I ran to the other end.
To Give Judgment:
Its usually referred to as “Natamai-panradhu”.
In my school, daily there will atleast be one fight between the students. Both the fighter, after getting tired, will come to the Natamai to seek justice.
The Natamai also will feel proud of this and declare judgment (without any sombu and aalamaram).
One day that Natamai took leave. But the fight did not.
So they came to me.
The only reason was – “Naan mattumdhan anga siricha mugama irundhen”.
Both were my dear friends.
I dint know what to do.
So, I started doing cost-benefit analysis.
At what cost I am going to give this judgment and what will be the benefit I will derive out of it.

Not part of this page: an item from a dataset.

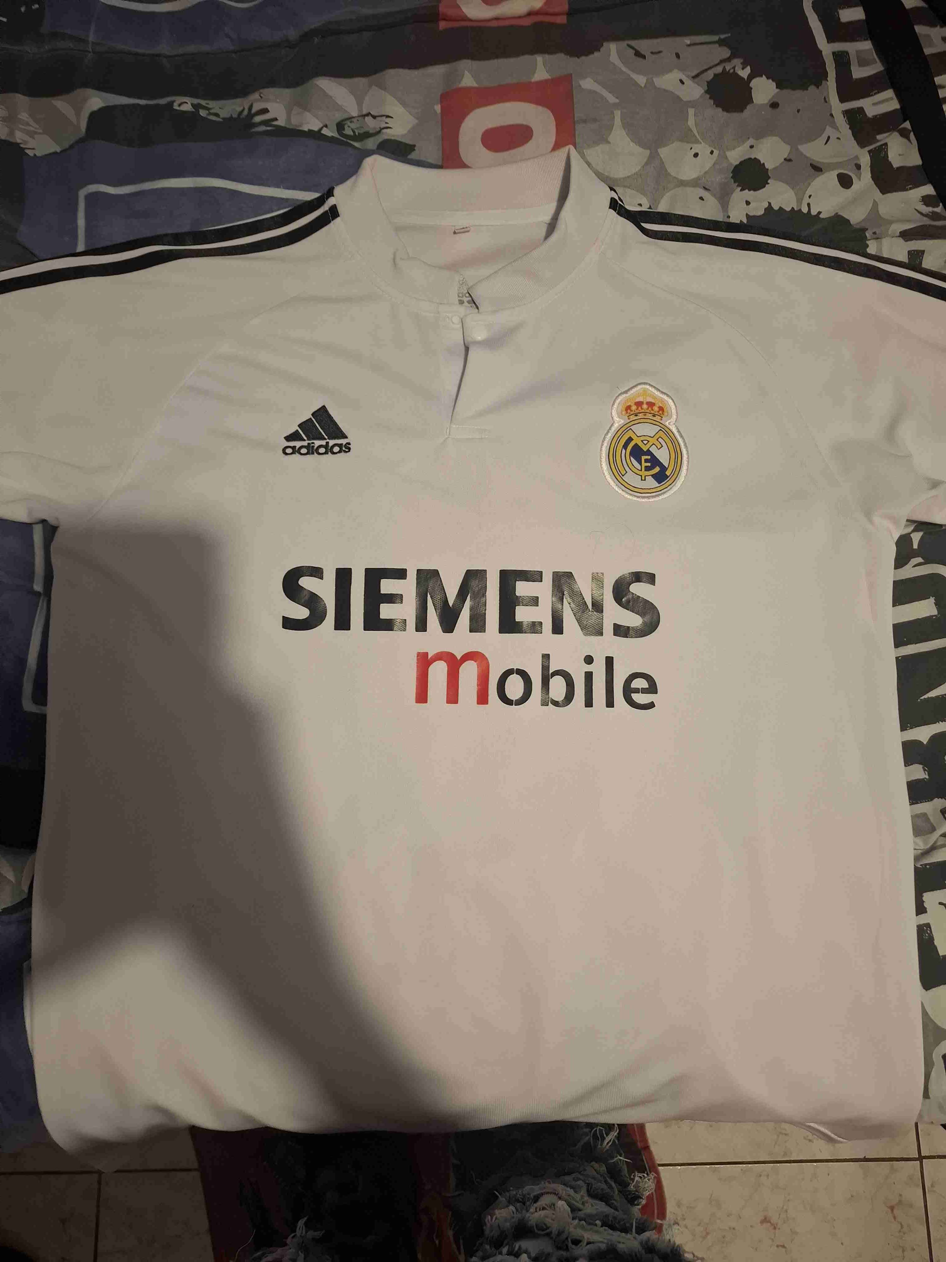 Camiseta blanca del Real Madrid con patrocinio de Siemens Mobile. En buen estado, ideal para coleccionistas o fanáticos del fútbol.

If I support one, I will get maximum one Lacto king chocolate. But the other person will definitely buy me an éclairs for sure.
So my judgment was already reserved for Mr. Eclairs.
This was a case of ‘not showing in exam’.
“He said he will show the answers. But he dint. He got 45, I got only 25. Now I have to write 50 times imposition.” was the complaint from Mr. Eclairs.
Judgment – “This is worst act that can be committed by a student. So as per E P Ko (Eclairs Pocketfulla Kodupavan) 420, you will have to write half of his imposition.”
“Natamai theerpa maathi sollu” shouted the appavi , and in whisper “appadi sonna naan oru dairy milk vaangi tharen”.
So me continued – “But, Our Geetha Miss is a very strict teacher. If you got caught both of you may have had to write 100 times imposition. Hence what Mr. DM did was correct. You have to apologise to him. Ithuthanda Natamaiyoda theerpu.”
Mr. Eclairs seemed to agree with it and apologized.
(But that Dairy Milk is yet to be given by that boy. Avasara pattuteno?)
To do CA – Enough said.
To do an Audit:
Toughest of all obviously.
I will write in detail about in my future articles.
Posing as if you can audit is definitely a “Mission Impossible”.
Anyways one such tougher incident can be read in my my post – “Oru CA trainee kandupiditha ariya thathuvam”.
Ippo enna solreenga – naanum Herculesum relationsdhaan.
(PS – reading this post without getting ‘kaduppu’ is also a Mission Impossible for the readers ;-p).